Saurabh Srivastava and J. Christopher Anderson have worked together for several years developing software that can design genetically engineered microbes to make specific chemicals. While at their DARPA-backed lab at UC Berkeley, they created bacteria that could produce acetaminophen or Tylenol.


Their special sauce is their software platform. While there are companies that license ways to create bacteria that produce specialty chemicals, the process of identifying how to create these microbes is tedious.

20n says its data-mining technology can get to 100 times more chemicals than were previously thought possible. (A visual map of these possibilities is laid out in the picture at the right.)

Companies will tell 20n what molecules they want to make, and 20n’s software will design a microbe that can do it. They have to be organic compounds, however.

With the specialty chemical industry being worth $980 billion, licenses for these microbes can start in the hundreds of thousands of dollars. 20n already has several contracts in negotiation.

“Even the most boring chemicals still tend to be billion dollar markets,” Srivastava said.

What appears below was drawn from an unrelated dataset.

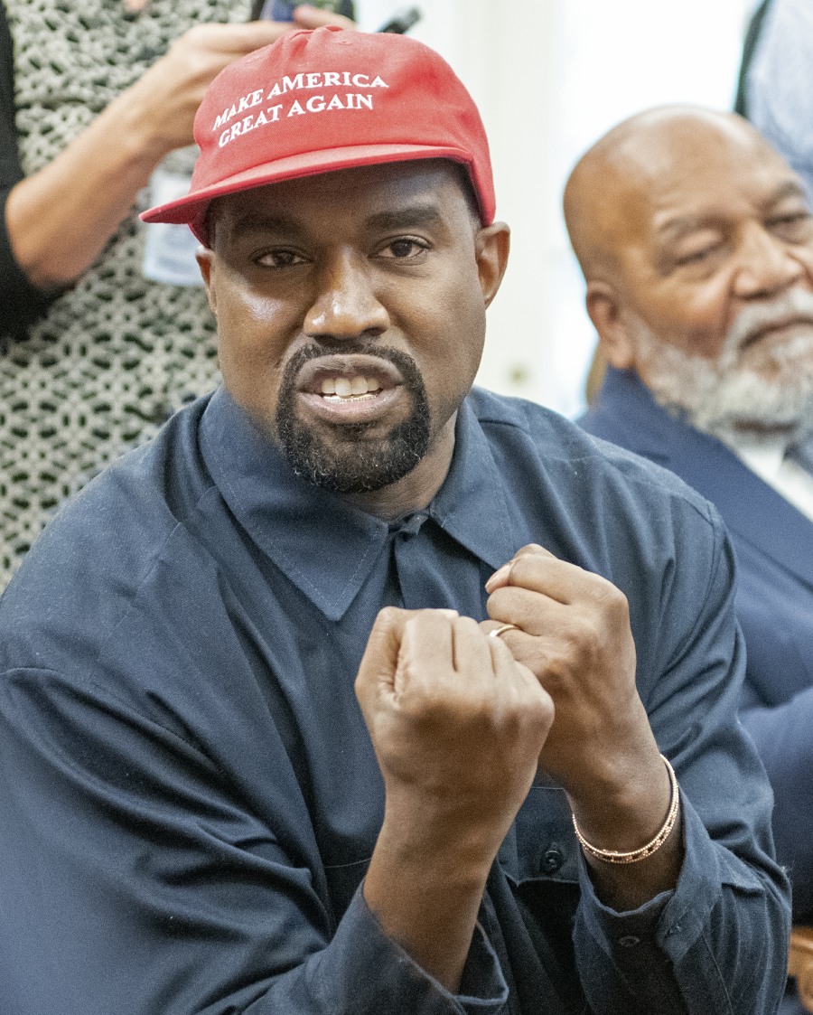 - Kanye West listens as he as he and Jim Brown meet with United States President Donald J. Trump in the Oval Office of the White House in Washington, DC on Thursday, October 11, 2018. Credit: Ron Sachs / CNP | usage worldwide

They named the company 20n because 20 is the number of standard amino acids specified by the universal genetic code. Proteins are made of sequences that are typically 300 to 500 amino acids long. 20n is the set of combinations the company gets to play with.

Srivastava earned his Ph.D. in computer science, while Anderson is a tenured UC Berkeley professor who has worked in synthetic biology for 17 years.

In their years of working together, their different backgrounds led to some funny miscommunications. For instance, API means “application program interface” to a programmer and “advanced pharmaceutical intermediate” to a biochemist.

“We had to figure out a language to work in that both a biologist and computer scientist could understand,” Anderson said.